Но и она не торопится, ответа ждет.
— Квасу, — говорю. — Кувшин целый. Только чтоб старый был, покислее.
Думал, пока искать станет, штаны напялю да Тимохе разгон дам — зачем пустил. Но не тут-то было. Потянулась Светозара лениво и мурлычет:
— Вот и славно, что выбрал. Счас я Тимоху покличу. Только этого мне и не хватало для полного счастья.
— Не надо Тимоху, — выдавил я хриплым голосом. — Расхотел я квасу. А тебе самой вставать-то не пора? Заждались, поди, на поварне.
— Успею, — отмахнулась она с ленцой и, привстав на кровати, так что налитая тяжелая грудь оголилась полностью, мечтательно выдала: — Я ж с того самого часу, как тебя впервой увидала, все в думках своих грезила, как мы с тобой после сладкой ноченьки просыпаемся да рядышком лежим. Обожди малость. Дай посмаковать-то. Али не насытился еще? — И склоняется надо мной.

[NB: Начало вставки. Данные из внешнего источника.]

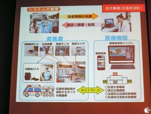 富士フイルムと開発したiPhoneなどのスマートフォンを利用して脳卒中の救急医療をサポートする「i-Stroke」を紹介した。
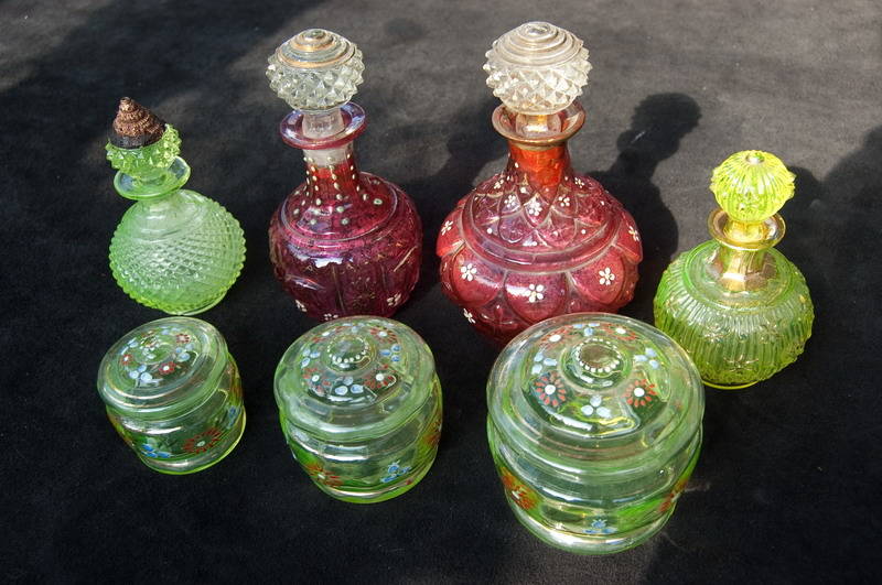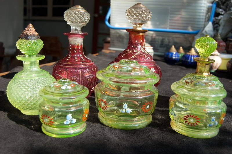 ขายขวดนำ้หอมเขียวเล็กจุกหัก ปากบิ่นตัวมีเส้นเล็กน้อย 3,500 บาท
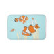 This lovely bath mat is sure to brighten up your bathroom with a touch of the exotic. Large Colourful orange and white Clown Fish, swimming in the weeds, in a very blue sea.
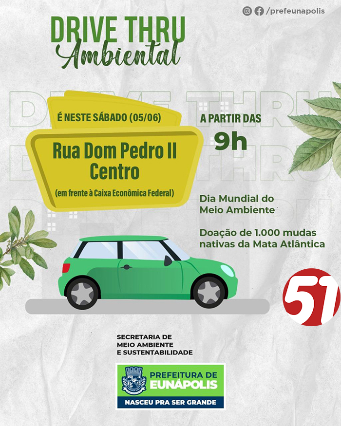 ☘A Prefeitura de Eunápolis por meio da secretaria de meio ambiente e sustentabilidade realiza o DRIVE THRU AMBIENTAL com a doação de 1000 mudas de plantas nativas da Mata Atlântica. É neste sábado [05/06] a partir das 9 horas na Rua Dom Pedro II – centro – Em frente à caixa econômica Federal. 🌱🍃![]()
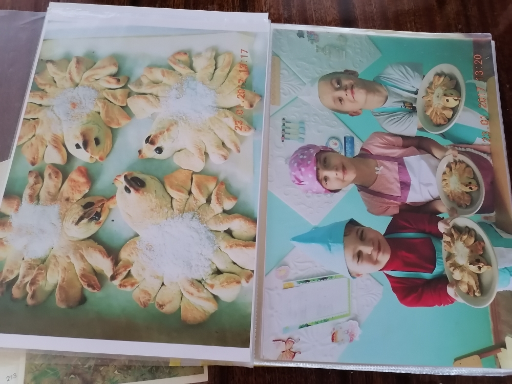 В группе изготовлена рукотворная книга "Поэтапное выпекание жаворонков" в фотографиях с подписями.Дети с удовольствием рассматриавают и вспоминают свой труд.
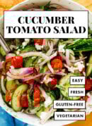 When itโs blazing hot outside, this cucumber tomato salad is exactly what I want to eat. This recipe is crisp and refreshing, light yet satisfying. Itโs the perfect side dish to make with a surplus of cucumbers and tomatoes from your garden or farmersโ market.
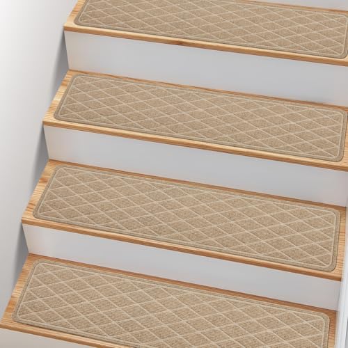 PATTENGO Non Slip Stair Treads for Wooden Steps 15 Pack 8\"\" X 30\"\" Stairs Carpet Treads Indoor with Reusable Peel and Stick Adhesive for Kids Elders and Pets Polyester TPR Backing Brown
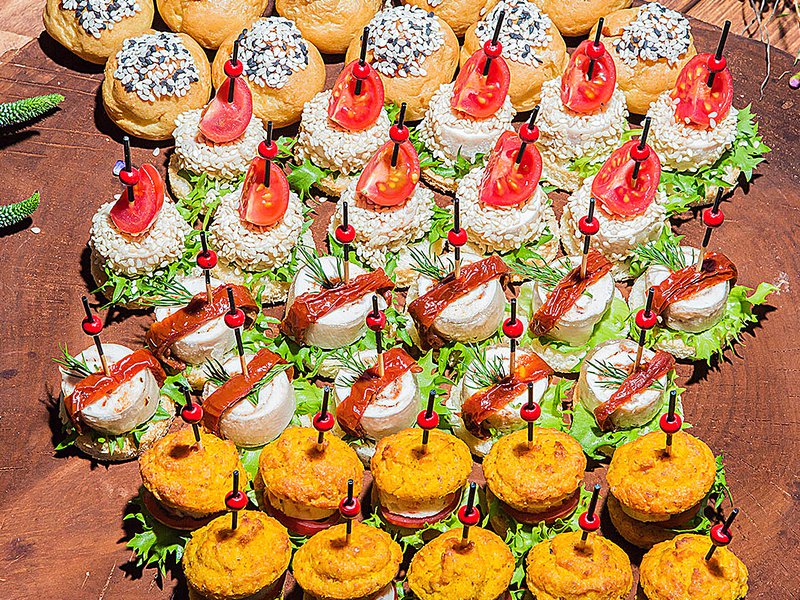 1. Мини-булочка из поленты с куриным карпаччо и томатами
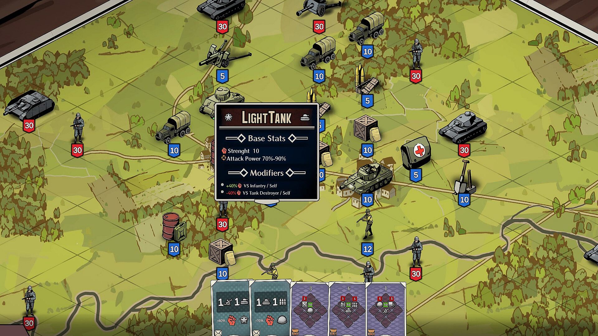 Panzer Deck is a 2D tactical card-based war game that thrusts you into the Western Front of World War II. Strategically deploy resources on the board to recruit units from infantry to tanks, and equipment like anti-tank guns or air support. Use maneuver cards to reposition forces, maximize their potential, and unleash powerful card combos that reflect unit synergy. Carefully positioned units, such as infantry backed by tanks or artillery , unlock unique abilities, letting you outmaneuver foes in critical battle moments.
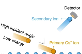 Secondary-ion mass spectrometry (SIMS) is a commonly used technique to study solid surfaces and thin films and how their chemistry changes with depth. It works by shooting a beam of charged particles at a sample, which bombards the atoms on the surface of the material and ejects them — a process called sputtering. The ejected ions are detected, collected and identified based on their mass and serve as indicators of the composition of the material.
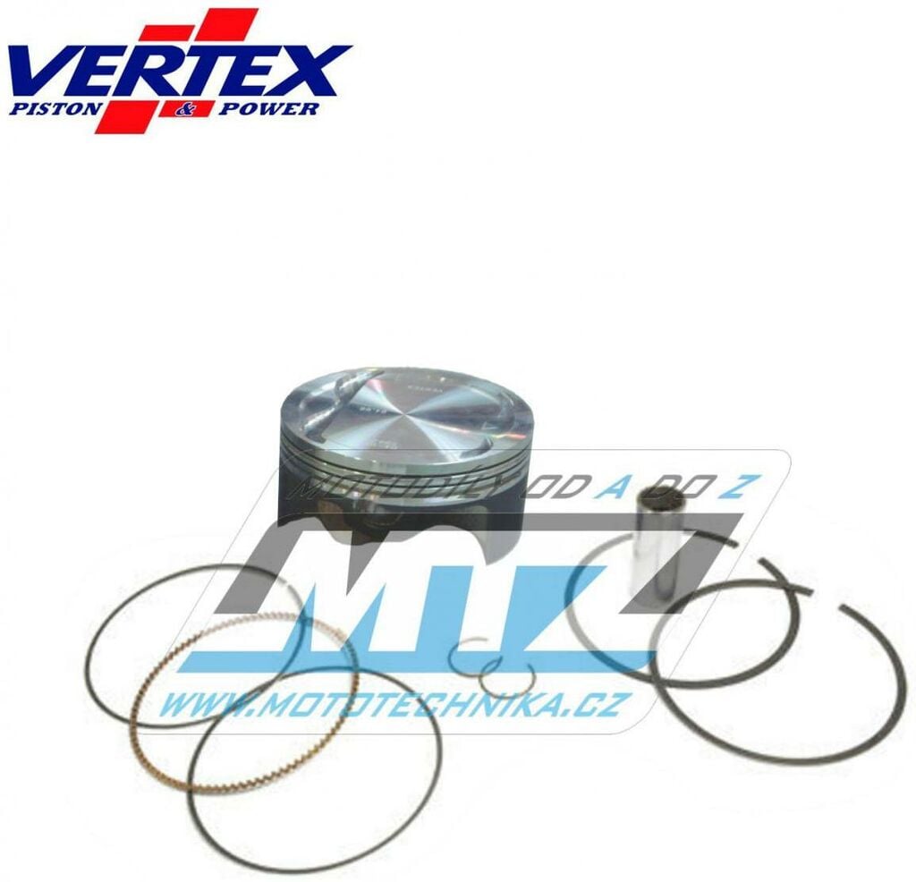 Písty Vertex jsou vysoce technicky inovativní a vysoce kvalitní písty vyráběné ze speciálního materiálu a obráběné z jednoho kusu na nejmodernějších CNC strojích v Itálii. - rozměr pístu = 94,95mm - komprese = standard (Replica) - varianta pístu = litý píst Vždy jsou dodávány jako pístní sada, tedy včetně pístních kroužků, čepů a pojistných kroužků té nejvyšší kvality. Tato sada nahrazuje originální díly (OEM Replacement): Gas-Gas MFS450316020 Gas-Gas MFS450316121 Gas-Gas MFS450316122 Gas-Gas MFS450316123 Gas-Gas MFS450316040 Všechny písty jsou tepelně zušlechťovány T5 nebo T6 kalením a popouštěním, a jsou opatřeny speciální povrchovou úpravou Molybden-Bisulfid. 2-taktní písty jsou výhradně lité písty (nejsou kované) - vyrobené z speciální hliníkové slitiny s obsahem samomazného křemíku (obsah 18%), který zajišťuje snížení tření mezi pístem a válcem pro zvýšení životnosti pístu i při závodním použití a odlehčení pístu při zachování potřebné pevnosti. 4-taktní písty jsou výhradně kované písty se zdokonalenou pevností a životností. Písty ve variantě RACE jsou dostupné jen pro některé modely a značky motocyklů a jejich konstrukce byla zdokonalena vývojovým oddělením značky Vertex za účelem dosažení kvalitnějšího pístu, zvýšené komprese, nižší hmotnosti a vyššího výkonu. Písty ve variantě PRO jsou kované písty se speciálním hliníko-křemičiným legováním, jejich konstrukce je speciálně upravena pro závodní použití a odlehčena (extra lehké písty), jsou vybaveny chromovanými pístními kroužky a extra odlehčeným čepem s dvojitým konusem. Značka VERTEX je výrobcem komponentů motoru nejvyšší světové úrovně od roku 1953. Sortiment zahrnuje komponenty pro motocykly, motokáry, skútry, vodní skútry, lodě, sněžné skútry, zahradní techniku, užitková vozidla, kompresory. Ve výrobě jsou používány nejmodernější technologie, jakostní výrobní normy a systémy řízení výrobních procesů. Od roku 1996 je Vertex dodavatelem do prvovýroby značky KTM! Výrobky značky Vertex jsou používány v prvovýrobě i dalších značek (Beta, Gas-Gas, Husqvarna, Sherco, Moto TM a další) a také závodními týmy nejvyšší světové úrovně (Kawasaki Pro Circuit, Honda HRC Racing, Yamaha Factory, Beta Factory, Moto3).

Сама коварно улыбается, а грудь ее с крупным коричневым соском, который эдак по-боевому, чуть ли не на сантиметр уже выпер, как копье, уже надо мной нависла. Чую, чья-то шаловливая ручонка меж тем уже вовсю лазит под одеялом. Не ищет, нет. Нашла-то она сразу, да и мудрено было бы не найти. И не настраивала она ничего, скорее уж до последней стадии доводила, потому что у каждого терпения и у каждого принципа имеется своя рубежная черта — вот до сих пор еще куда ни шло, а дальше…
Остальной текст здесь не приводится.